Arturo Hansen era un muchacho nacido en Río Negro. Sus abuelos habían llegado hacía muchos años de Dinamarca. Si bien no consiguieron hacer fortuna, tenían, con todo, la fortuna ¡la más preciada de todas! de haber conservado una honradez acrisolada, una fe sólida y una invariable línea de conducta.

En ese ambiente de seriedad sajona creció Arturo. Su padre era mecánico. Cuando terminó los grados elementales, preguntó éste al hijo si quería seguir estudiando. El chico contestó que sería su más cara ilusión. El hombre miró hacia su taller, lleno de cubiertas de automóviles, de hierros y despojos de vehículos en desuso, y le replicó:

Me parece que nos podremos arreglar sin ti. Vete nomás a Viedma. Allá podrás frecuentar la Escuela Normal. . .

Y Arturo partió. Vivía en casa de unos parientes y frecuentaba la Escuela Normal, ahora elevada a la categoría de oficial, pues antes, en sus primeros gloriosos tiempos, había sido «Escuela Normal Popular», porque fue fundada por iniciativa particular y sostenida por los vecinos de la capital del Río Negro.

Su carácter apacible, su contracción al estudio y el recuerdo constante de que su padre se estaba sacrificando para que él pudiera estudiar fueron motivos suficientes para que Arturo sobresaliera. Tenía inteligencia. Aliada ésta a un deseo de superarse, logró el éxito apetecido: se eximió en todos los cursos. Y así pudo llegar a su casa, año tras año, a mediados de noviembre, ansioso de ayudar a su padre en las labores del taller mecánico. ¡Y había que ver con qué gusto trocaba Arturo los libros y la estilográfica, por el torno y la lima! Allí, junto a su padre, trabajaba con un ardor tal que parecía querer aventajar en cuatro meses el rendimiento de los doce que su buen padre pasaba encorvado sobre el torno.

Algunos días antes de finalizar las últimas vacaciones, una noche, le dijo a su padre:

Papá, como sabes, este año termino mis estudios. ¿Prefieres que ejerza de

maestro o que siga ayudándote aquí?

Sería un error, — replicó al punto Hansen — estudiar y conseguir un título y

luego encerrarte en un taller. Has estudiado para usufructuar ese título.

Entonces, —contestó Arturo—, hacia fines de año, procuraré conseguir que

me nombren maestro por ahí. ¡Hay tantos lugares en la Patagonia donde nadie

quiere ir porque «es muy lejos»! Yo voy a ir adonde me manden ¿qué te parece?

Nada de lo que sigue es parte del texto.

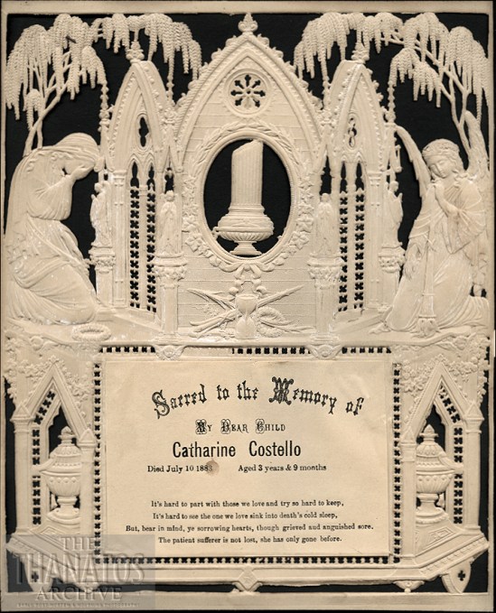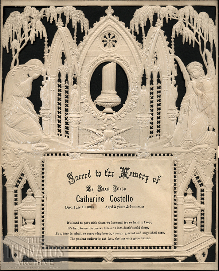 Large (12″ x 10″) memorial die cut for Catharine Costello, a little girl who died at 3 years and 9 months in Lowell, Massachusetts in 1883. Her cause of death was “Paralysis of the heart”. This die cut features many classic mourning symbols, including a broken pillar, draped urn, hourglass, willow trees, and more. Die cut memorials were popular in the middle-to-late 19th century; they are made of heavy embossed paper with cut out sections. The piece shown here has a piece of black paper behind it. Visit the Thanatos Archive to view more of our post mortem and memorial collection. Membership options @ http://www.thanatos.net/membership

Me parece muy bien. Ya habrá tiempo para avanzar luego hacia los centros de

población . . . Pero entre tanto creo que conviene foguearse en los lugares bravos de nuestro sur. Para eso son jóvenes ustedes...

Y fue maestro normal. ¡Qué alegría experimentaba Arturo cuando marchaba hacia la casa con el diploma bajo el brazo! Le parecía soñar.

Pero el punto difícil era el nombramiento. El joven maestro creía que a fin de año, registrado su diploma, al punto le iban a extender un nombramiento para Chacay Huarruca, para Río Senger, para Güer Aike o cualquier otro rincón patagónico donde no hubiera maestros. Pero. . . los meses pasaban y Arturo no recibía el nombramiento. Desde su taller, él insistía ante las autoridades escolares. Y nada. . . Al fin tuvo que recurrir a las recomendaciones.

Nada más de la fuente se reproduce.